## Listed entries
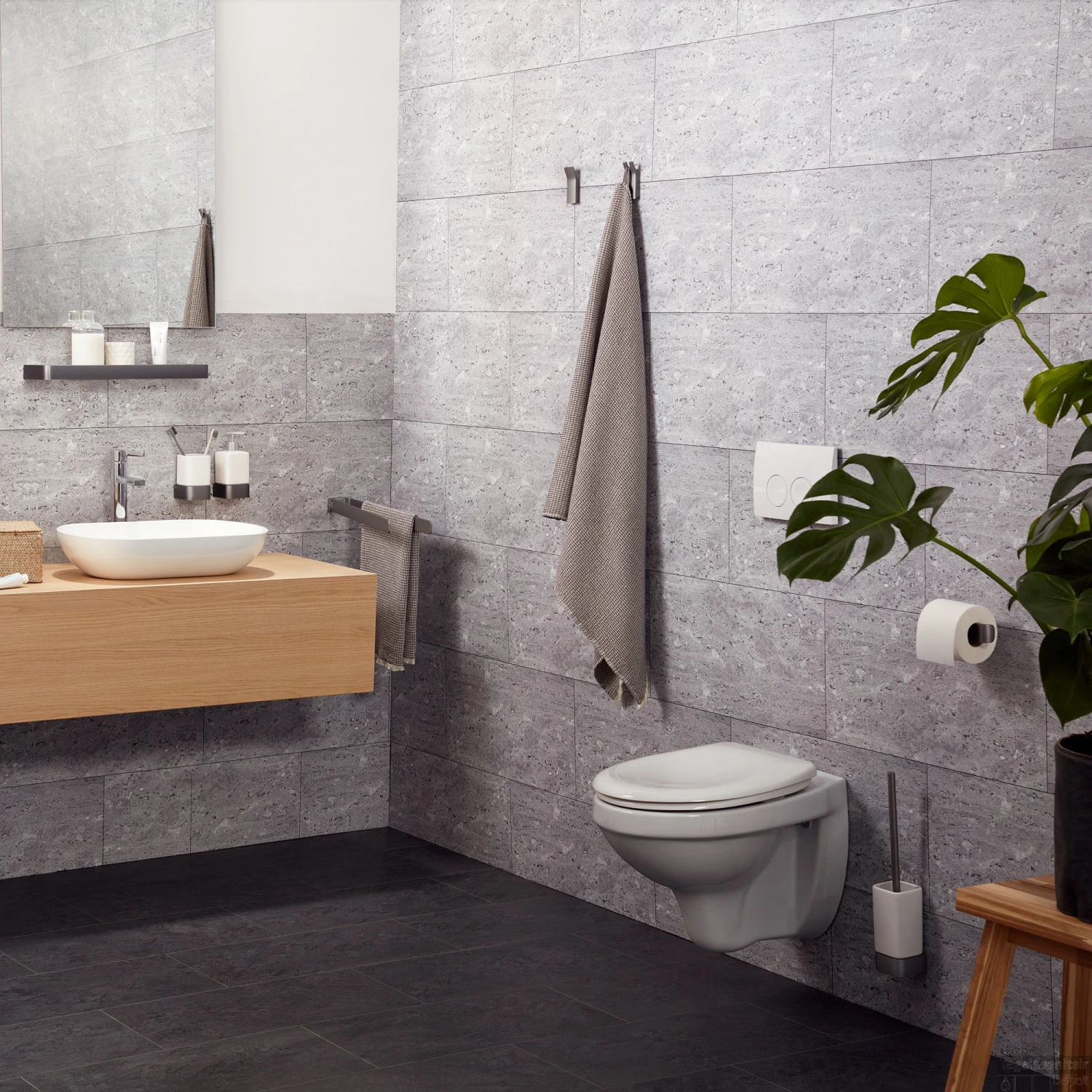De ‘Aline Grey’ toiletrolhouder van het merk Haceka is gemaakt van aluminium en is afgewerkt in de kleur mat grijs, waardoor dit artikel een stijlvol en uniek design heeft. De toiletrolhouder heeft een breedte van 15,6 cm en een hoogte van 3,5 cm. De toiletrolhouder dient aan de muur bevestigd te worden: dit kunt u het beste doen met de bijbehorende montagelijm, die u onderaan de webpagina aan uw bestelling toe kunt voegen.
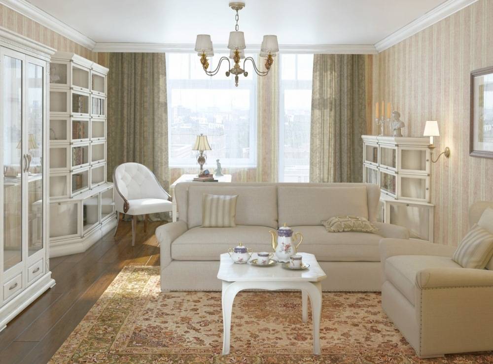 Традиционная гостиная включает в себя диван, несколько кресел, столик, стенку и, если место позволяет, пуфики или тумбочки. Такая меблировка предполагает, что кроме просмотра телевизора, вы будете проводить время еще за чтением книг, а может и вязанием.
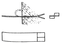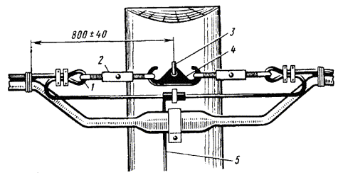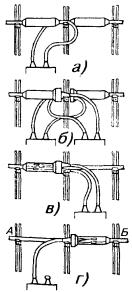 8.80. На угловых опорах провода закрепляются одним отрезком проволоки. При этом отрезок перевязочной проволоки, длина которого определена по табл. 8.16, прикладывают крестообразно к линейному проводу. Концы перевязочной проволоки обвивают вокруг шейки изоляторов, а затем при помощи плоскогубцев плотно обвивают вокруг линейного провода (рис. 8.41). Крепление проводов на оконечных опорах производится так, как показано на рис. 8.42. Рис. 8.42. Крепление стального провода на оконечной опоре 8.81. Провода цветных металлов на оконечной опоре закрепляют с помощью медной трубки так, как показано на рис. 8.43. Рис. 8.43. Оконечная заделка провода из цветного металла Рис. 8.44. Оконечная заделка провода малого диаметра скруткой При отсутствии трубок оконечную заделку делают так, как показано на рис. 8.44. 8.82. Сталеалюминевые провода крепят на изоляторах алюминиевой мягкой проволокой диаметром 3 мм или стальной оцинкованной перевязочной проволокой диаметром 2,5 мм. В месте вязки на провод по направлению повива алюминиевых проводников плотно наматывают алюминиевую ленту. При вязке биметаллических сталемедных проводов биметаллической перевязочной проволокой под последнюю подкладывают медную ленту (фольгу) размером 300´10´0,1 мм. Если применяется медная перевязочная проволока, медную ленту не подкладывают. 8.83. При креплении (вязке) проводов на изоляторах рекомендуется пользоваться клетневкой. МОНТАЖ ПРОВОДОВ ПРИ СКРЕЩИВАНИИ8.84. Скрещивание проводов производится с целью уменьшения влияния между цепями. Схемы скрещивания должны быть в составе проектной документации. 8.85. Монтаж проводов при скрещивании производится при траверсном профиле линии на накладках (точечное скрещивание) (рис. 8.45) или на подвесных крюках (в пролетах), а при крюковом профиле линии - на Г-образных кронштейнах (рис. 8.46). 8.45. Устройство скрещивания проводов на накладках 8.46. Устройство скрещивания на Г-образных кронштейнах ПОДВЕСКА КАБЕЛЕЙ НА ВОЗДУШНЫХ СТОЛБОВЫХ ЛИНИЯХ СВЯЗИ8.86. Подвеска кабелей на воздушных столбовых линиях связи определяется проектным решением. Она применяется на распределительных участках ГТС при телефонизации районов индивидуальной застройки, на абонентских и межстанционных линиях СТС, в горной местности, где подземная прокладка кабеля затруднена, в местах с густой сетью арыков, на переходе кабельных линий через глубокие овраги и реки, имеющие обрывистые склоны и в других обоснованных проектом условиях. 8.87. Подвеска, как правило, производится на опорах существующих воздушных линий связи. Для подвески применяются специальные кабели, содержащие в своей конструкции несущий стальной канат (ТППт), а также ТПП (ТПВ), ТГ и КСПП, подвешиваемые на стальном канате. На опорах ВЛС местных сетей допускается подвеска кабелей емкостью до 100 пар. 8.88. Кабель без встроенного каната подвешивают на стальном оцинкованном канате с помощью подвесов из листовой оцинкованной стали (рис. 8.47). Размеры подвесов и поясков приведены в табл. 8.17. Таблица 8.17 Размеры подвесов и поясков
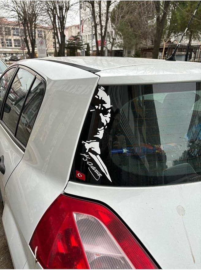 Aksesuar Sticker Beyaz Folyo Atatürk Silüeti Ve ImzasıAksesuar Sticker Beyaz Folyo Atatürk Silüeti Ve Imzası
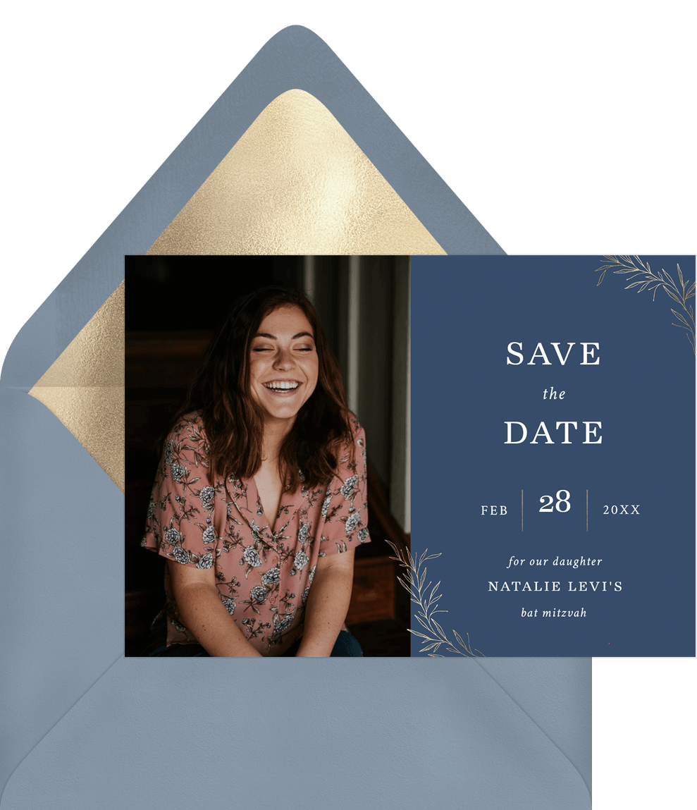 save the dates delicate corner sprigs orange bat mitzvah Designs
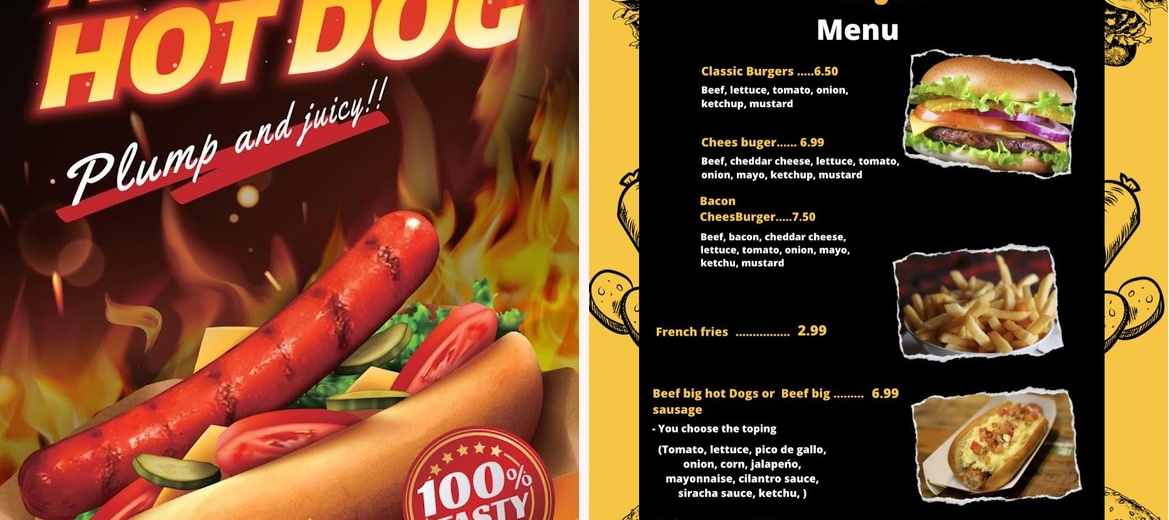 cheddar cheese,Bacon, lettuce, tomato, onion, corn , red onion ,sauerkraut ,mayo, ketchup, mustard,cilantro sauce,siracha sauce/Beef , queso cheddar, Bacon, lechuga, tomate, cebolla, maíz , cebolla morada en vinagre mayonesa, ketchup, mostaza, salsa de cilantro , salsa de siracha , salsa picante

## Instructions to follow
Write out the whole listing verbatim, images excluded.

## Written answer
De ‘Aline Grey’ toiletrolhouder van het merk Haceka is gemaakt van aluminium en is afgewerkt in de kleur mat grijs, waardoor dit artikel een stijlvol en uniek design heeft. De toiletrolhouder heeft een breedte van 15,6 cm en een hoogte van 3,5 cm. De toiletrolhouder dient aan de muur bevestigd te worden: dit kunt u het beste doen met de bijbehorende montagelijm, die u onderaan de webpagina aan uw bestelling toe kunt voegen.
 Традиционная гостиная включает в себя диван, несколько кресел, столик, стенку и, если место позволяет, пуфики или тумбочки. Такая меблировка предполагает, что кроме просмотра телевизора, вы будете проводить время еще за чтением книг, а может и вязанием.
 8.80. На угловых опорах провода закрепляются одним отрезком проволоки. При этом отрезок перевязочной проволоки, длина которого определена по табл. 8.16, прикладывают крестообразно к линейному проводу. Концы перевязочной проволоки обвивают вокруг шейки изоляторов, а затем при помощи плоскогубцев плотно обвивают вокруг линейного провода (рис. 8.41). Крепление проводов на оконечных опорах производится так, как показано на рис. 8.42. Рис. 8.42. Крепление стального провода на оконечной опоре 8.81. Провода цветных металлов на оконечной опоре закрепляют с помощью медной трубки так, как показано на рис. 8.43. Рис. 8.43. Оконечная заделка провода из цветного металла Рис. 8.44. Оконечная заделка провода малого диаметра скруткой При отсутствии трубок оконечную заделку делают так, как показано на рис. 8.44. 8.82. Сталеалюминевые провода крепят на изоляторах алюминиевой мягкой проволокой диаметром 3 мм или стальной оцинкованной перевязочной проволокой диаметром 2,5 мм. В месте вязки на провод по направлению повива алюминиевых проводников плотно наматывают алюминиевую ленту. При вязке биметаллических сталемедных проводов биметаллической перевязочной проволокой под последнюю подкладывают медную ленту (фольгу) размером 300´10´0,1 мм. Если применяется медная перевязочная проволока, медную ленту не подкладывают. 8.83. При креплении (вязке) проводов на изоляторах рекомендуется пользоваться клетневкой. МОНТАЖ ПРОВОДОВ ПРИ СКРЕЩИВАНИИ8.84. Скрещивание проводов производится с целью уменьшения влияния между цепями. Схемы скрещивания должны быть в составе проектной документации. 8.85. Монтаж проводов при скрещивании производится при траверсном профиле линии на накладках (точечное скрещивание) (рис. 8.45) или на подвесных крюках (в пролетах), а при крюковом профиле линии - на Г-образных кронштейнах (рис. 8.46). 8.45. Устройство скрещивания проводов на накладках 8.46. Устройство скрещивания на Г-образных кронштейнах ПОДВЕСКА КАБЕЛЕЙ НА ВОЗДУШНЫХ СТОЛБОВЫХ ЛИНИЯХ СВЯЗИ8.86. Подвеска кабелей на воздушных столбовых линиях связи определяется проектным решением. Она применяется на распределительных участках ГТС при телефонизации районов индивидуальной застройки, на абонентских и межстанционных линиях СТС, в горной местности, где подземная прокладка кабеля затруднена, в местах с густой сетью арыков, на переходе кабельных линий через глубокие овраги и реки, имеющие обрывистые склоны и в других обоснованных проектом условиях. 8.87. Подвеска, как правило, производится на опорах существующих воздушных линий связи. Для подвески применяются специальные кабели, содержащие в своей конструкции несущий стальной канат (ТППт), а также ТПП (ТПВ), ТГ и КСПП, подвешиваемые на стальном канате. На опорах ВЛС местных сетей допускается подвеска кабелей емкостью до 100 пар. 8.88. Кабель без встроенного каната подвешивают на стальном оцинкованном канате с помощью подвесов из листовой оцинкованной стали (рис. 8.47). Размеры подвесов и поясков приведены в табл. 8.17. Таблица 8.17 Размеры подвесов и поясков
 Aksesuar Sticker Beyaz Folyo Atatürk Silüeti Ve ImzasıAksesuar Sticker Beyaz Folyo Atatürk Silüeti Ve Imzası
 save the dates delicate corner sprigs orange bat mitzvah Designs
 cheddar cheese,Bacon, lettuce, tomato, onion, corn , red onion ,sauerkraut ,mayo, ketchup, mustard,cilantro sauce,siracha sauce/Beef , queso cheddar, Bacon, lechuga, tomate, cebolla, maíz , cebolla morada en vinagre mayonesa, ketchup, mostaza, salsa de cilantro , salsa de siracha , salsa picante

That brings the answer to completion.